## Problem details
Reproduce precisely the lines of the listing below, starting with the line that contains "Ставим на кастрюлю" and stopping after the line that contains "Pflanzen Sie einen"; include nothing else.

## Information shown
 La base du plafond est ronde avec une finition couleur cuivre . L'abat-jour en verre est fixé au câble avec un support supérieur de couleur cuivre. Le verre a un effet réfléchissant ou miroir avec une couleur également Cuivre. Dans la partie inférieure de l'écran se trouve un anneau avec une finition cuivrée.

---

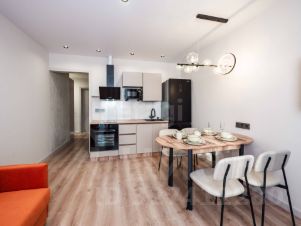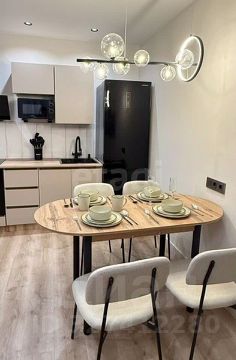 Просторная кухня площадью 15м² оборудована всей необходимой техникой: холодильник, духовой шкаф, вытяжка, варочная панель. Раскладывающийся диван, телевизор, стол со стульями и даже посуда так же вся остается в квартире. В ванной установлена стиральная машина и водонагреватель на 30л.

--

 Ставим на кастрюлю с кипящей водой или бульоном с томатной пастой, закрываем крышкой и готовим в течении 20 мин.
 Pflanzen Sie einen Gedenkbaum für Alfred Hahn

## Finished exercise
 Ставим на кастрюлю с кипящей водой или бульоном с томатной пастой, закрываем крышкой и готовим в течении 20 мин.
 Pflanzen Sie einen Gedenkbaum für Alfred Hahn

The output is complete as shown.